Jaguar Land Rover poinformował o wstrzymaniu na dwa tygodnie w październiku produkcji w brytyjskiej fabryce w Solihul. Jako powód podano właśnie spadek popytu w Chinach. Po tym komunikacie kurs akcji Tata Motor, właściciela JLR, zwalił się w Mumbaju o 13 proc. Z wartości rynkowej spółki wyparowało 1,2 mld USD, za co można by kupić około 25 tys. SUV-ów Jaguar F-Pace sprzedawanych po 47 tys. USD.
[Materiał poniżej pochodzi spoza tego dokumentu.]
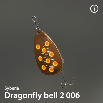 | Dragonfly Bell #2 | 3.0 | 5.10 | - | S | 6.00 g | 5.5 g | 4.0 cm | x 1 | 20 - 2/0 | TRBHK101 S5 | Syberia |
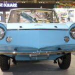 往年のスポーツカーでも、ド派手なカスタムカーでもない、どこか愛嬌のあるデザインをまとった水色のオープンカー。それは1963年(昭和38年)製のドイツ製水陸両用車「アンフィカー(Amphicar)770」です。
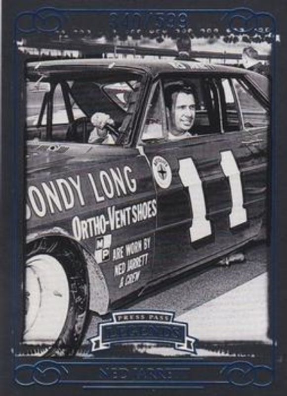 The Ned Jarrett 2008 Press Pass Legends #16 Blue /599 card is 1 of 24 Ned Jarrett's card variations in the 2008 Press Pass Legends set being tracked by Sports Card Investor, including Base, Bronze /299, Gold /99, Holo /25, and eBay Previews Red /5.
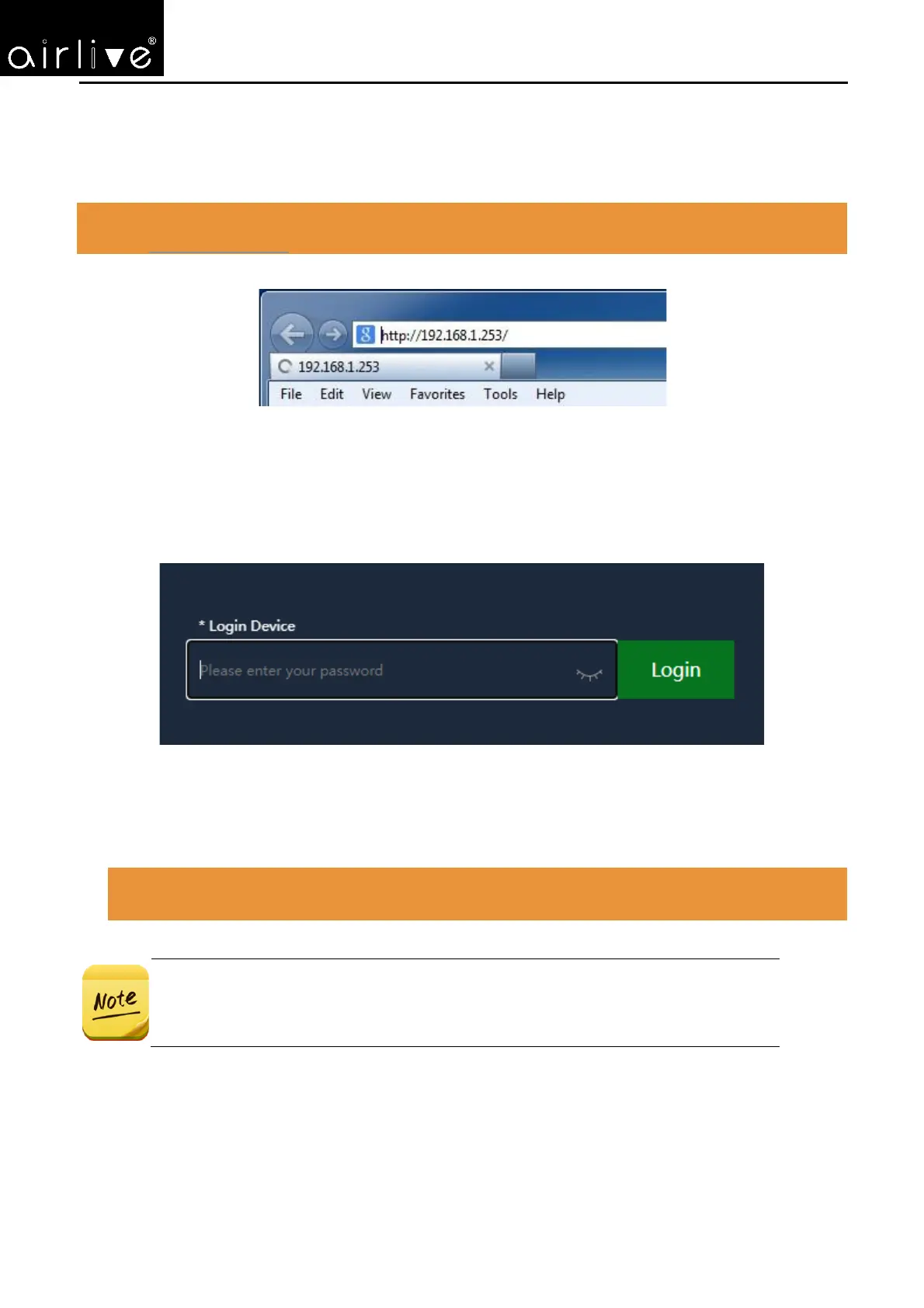 After a moment, a l ogin window will appear. Enter admin for the password in lower case letters. Then click

Sprzedaż aut tej firmy spadła w Chinach w minionym miesiącu o 46 proc. w wyniku obaw o przyszłość ceł importowych wobec wciąż trwającego napięcia handlowego. Już wcześniej najwięksi na świecie producenci luksusowych aut BMW i Daimler ostrzegli o możliwym spadku zysków w wyniku amerykańsko chińskiej wojny handlowej, która zniechęca chińskich klientów do odwiedzania salonów dilerskich.
Spadek sprzedaży samochodów w Chinach odczuwają też amerykańscy producenci. General Motors wśród przyczyn tego załamania popytu wymienia obok wojny handlowej, spowolnienie tempa wzrostu gospodarczego, osłabienie waluty i straty na giełdach. Ewentualne podwyżki stawek celnych boleśnie może odczuć BMW, bo swoje popularne modele takie jak X5 dostarcza do Chin z amerykańskiej fabryki w Spartanburgu. A Ralf Speth, prezes Jaguar Land Rover ostrzegł premier Theresę May, że zła umowa w sprawie brexitu może kosztować firmę ponad 1,2 mld funtów, a kilkadziesiąt tysięcy ludzi straci pracę.